━━━ THE DATA ━━━

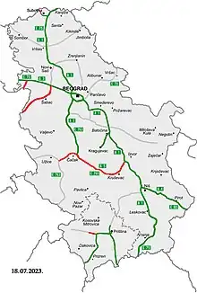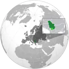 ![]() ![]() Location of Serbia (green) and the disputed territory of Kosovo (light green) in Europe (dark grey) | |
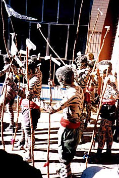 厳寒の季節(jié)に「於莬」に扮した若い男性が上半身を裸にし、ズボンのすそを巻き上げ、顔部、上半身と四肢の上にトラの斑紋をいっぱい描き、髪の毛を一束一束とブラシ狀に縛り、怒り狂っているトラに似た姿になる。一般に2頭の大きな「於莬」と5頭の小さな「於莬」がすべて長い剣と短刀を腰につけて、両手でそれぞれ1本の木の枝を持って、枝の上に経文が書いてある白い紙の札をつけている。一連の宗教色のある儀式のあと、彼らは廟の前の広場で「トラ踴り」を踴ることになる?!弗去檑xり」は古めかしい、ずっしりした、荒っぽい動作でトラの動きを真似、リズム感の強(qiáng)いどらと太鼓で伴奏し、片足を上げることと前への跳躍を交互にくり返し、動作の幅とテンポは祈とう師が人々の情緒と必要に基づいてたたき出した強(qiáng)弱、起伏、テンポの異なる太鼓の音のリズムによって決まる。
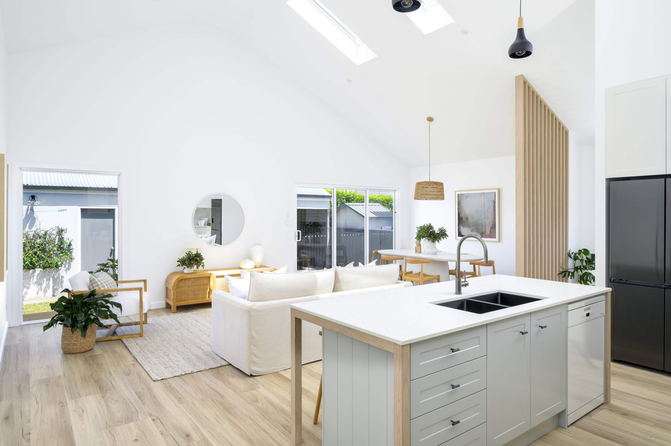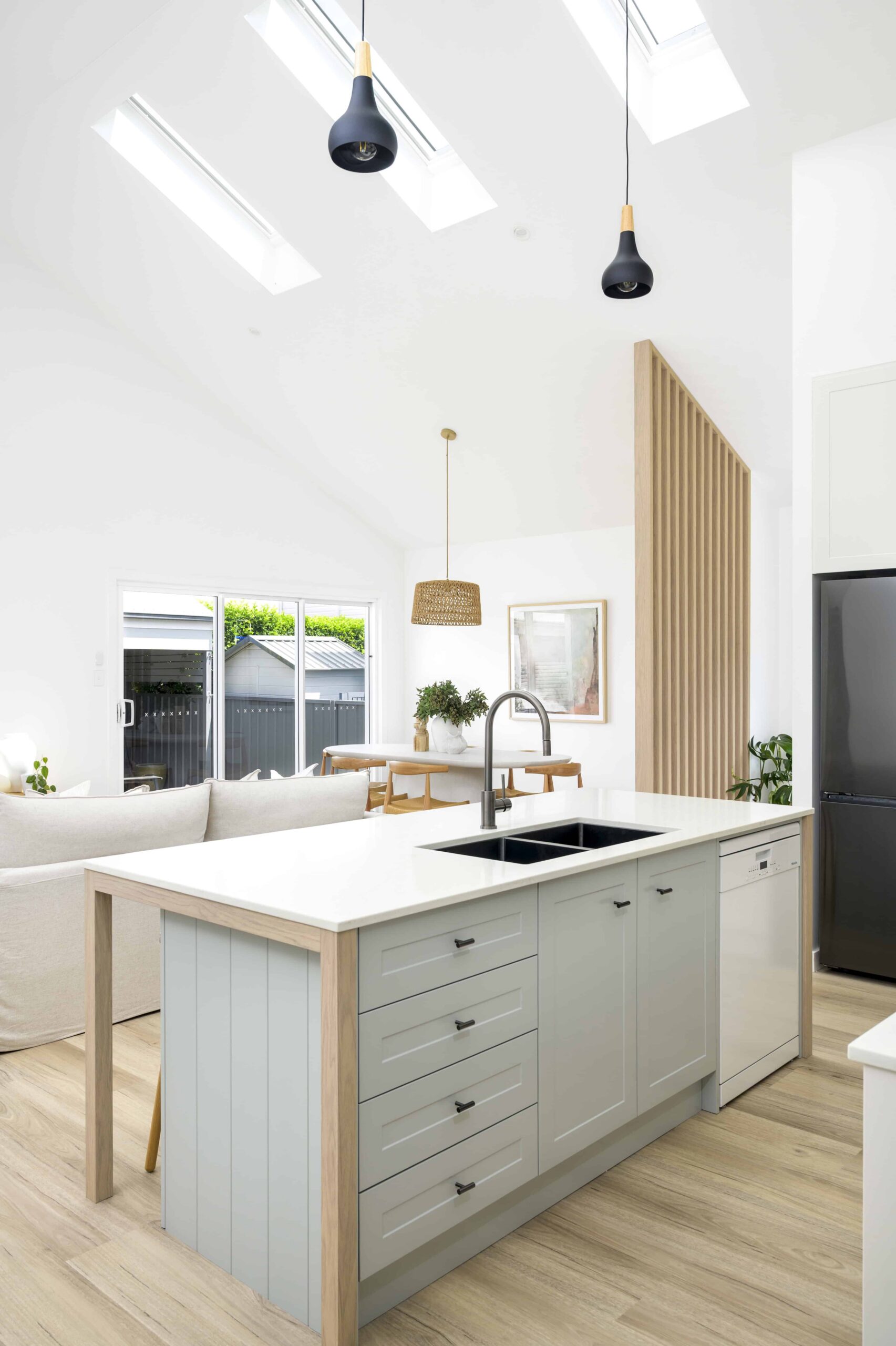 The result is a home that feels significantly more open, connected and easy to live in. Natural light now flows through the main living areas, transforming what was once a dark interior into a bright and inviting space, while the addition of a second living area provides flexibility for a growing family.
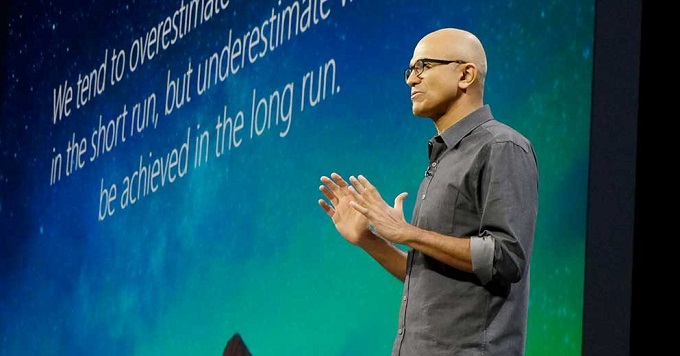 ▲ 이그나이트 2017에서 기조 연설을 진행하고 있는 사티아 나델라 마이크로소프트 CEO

━━━

» PROBLEM DETAILS:
Could you print the listing above exactly, without the pictures?

» ANSWER BELOW:
 ![]() ![]() Location of Serbia (green) and the disputed territory of Kosovo (light green) in Europe (dark grey) | |
 厳寒の季節(jié)に「於莬」に扮した若い男性が上半身を裸にし、ズボンのすそを巻き上げ、顔部、上半身と四肢の上にトラの斑紋をいっぱい描き、髪の毛を一束一束とブラシ狀に縛り、怒り狂っているトラに似た姿になる。一般に2頭の大きな「於莬」と5頭の小さな「於莬」がすべて長い剣と短刀を腰につけて、両手でそれぞれ1本の木の枝を持って、枝の上に経文が書いてある白い紙の札をつけている。一連の宗教色のある儀式のあと、彼らは廟の前の広場で「トラ踴り」を踴ることになる?!弗去檑xり」は古めかしい、ずっしりした、荒っぽい動作でトラの動きを真似、リズム感の強(qiáng)いどらと太鼓で伴奏し、片足を上げることと前への跳躍を交互にくり返し、動作の幅とテンポは祈とう師が人々の情緒と必要に基づいてたたき出した強(qiáng)弱、起伏、テンポの異なる太鼓の音のリズムによって決まる。
 The result is a home that feels significantly more open, connected and easy to live in. Natural light now flows through the main living areas, transforming what was once a dark interior into a bright and inviting space, while the addition of a second living area provides flexibility for a growing family.
 ▲ 이그나이트 2017에서 기조 연설을 진행하고 있는 사티아 나델라 마이크로소프트 CEO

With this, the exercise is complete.